A preview of my forthcoming Manhattan Project sites map. Size is a subjective “prominence” rating given by me, the white dots show the actual location of the sites, and the color corresponds to whether it is government/military, educational institution, or private industry. An interactive version will be unveiled this summer, which will give more information about specific sites and permit zooming in, and etc. This only shows sites in the continental US and lower Canada — there are other non-US sites as well in the final version.
Lastly, I also emphasized the size of the project. I’ve talked on here about the immense cost of the work, and the greater-than-most-people-realize manpower requirements. But I also unveiled a screenshot of a work in progress. For a while now, I’ve been trying to make a database of every site where some sort of work on the Manhattan Project was done. I’ve been combing through the Manhattan District History, through archival files on contracts, and through databases of radioactive Superfund sites. I’ve been keeping a tally of any places listed as having some role in the final outcome, however minor. My current list is well over 200 separate sites. Some of these places were research institutions (about 40 are educational institutions of some nature), some were military or government institutions (some created from scratch, some pre-existing), and about half were private industry.

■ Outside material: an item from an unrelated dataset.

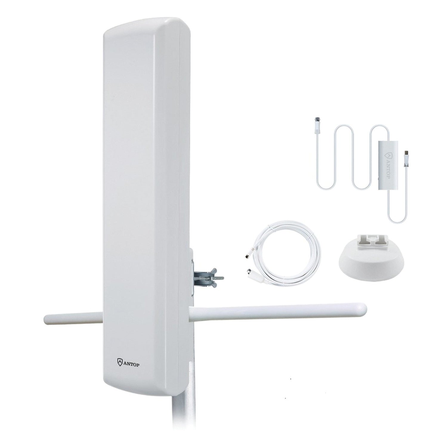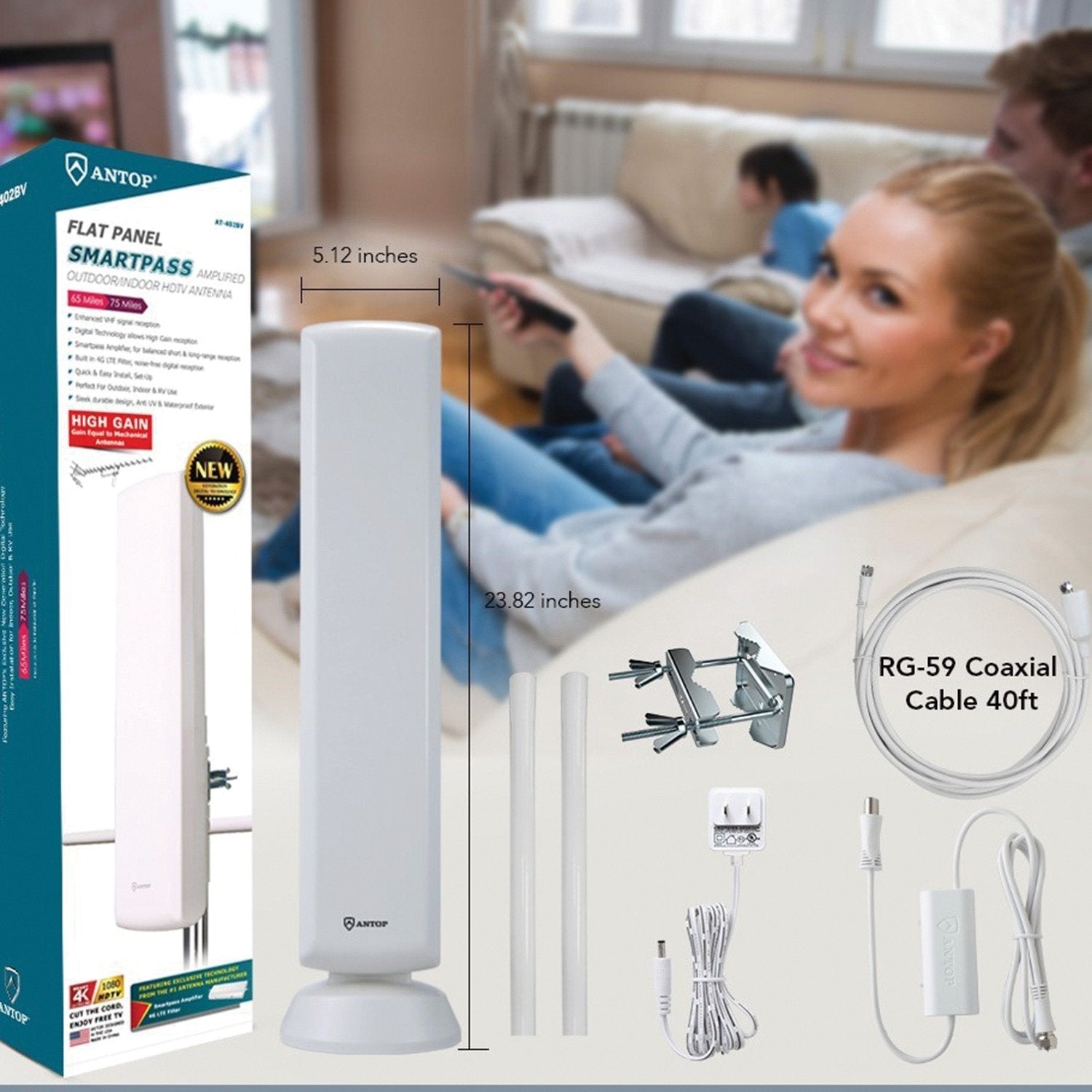 Cut the cord, watch FREE local TV with the AT-402BV Big Boy Outdoor HDTV Smartpass Amplified Antenna, a whole-house solution from ANTOP! The AT-402BV is powerful enough to feed multiple TVs and is engineered with a patented design to match performance of traditional mechanical antennas. The AT-402BV includes VHF enhancer rods, the exclusive ANTOP Smartpass Amplifier, and a 4G LTE Filter. The AT-402BV features an amplified signal reception range of up to 75 miles and multi-directional reception to receive free local over-the-air digital TV signals from networks such as ABC, CBS, NBC, Fox, Univision, and others. It supports HDTV, 1080P TV, 4K Ultra, and is compatible with digital converter boxes.

Some places produced materials, some just produced paper. (The symposium took place in the Carnegie Institute of Science, which was where Vannevar Bush’s Office of Scientific Research and Development headquarters were during the war, and I delighted in getting to point this out.) Not all sites were equally important, to be sure. But all played some role, even if most of those places probably did not actually know what their role was. The screenshot above is a preview of the map — it is still a work in progress, and the final version will be fully interactive, sortable into different categories, and so on.
It’s a big list. Bigger than I thought when I started it. It just emphasizes again that the Manhattan Project was responsible for the birth of an industry, not just the bomb. Upon learning about the scale of the project in 1944, Niels Bohr told Edward Teller: “I told you it couldn’t be done without turning the whole country into a factory. You have done just that.” It was an apt observation.
Very little of this infrastructure remains. The Manhattan Project National Historic Park is an important step in the right direction for preservation of this history. There is a long road yet to go in terms of figuring out how to make it available to the public, and how to properly present the material. I remain optimistic that it will be an opportunity to talk about history in a productive way, and to build bridges between the ever-changing present and the ever-receding past.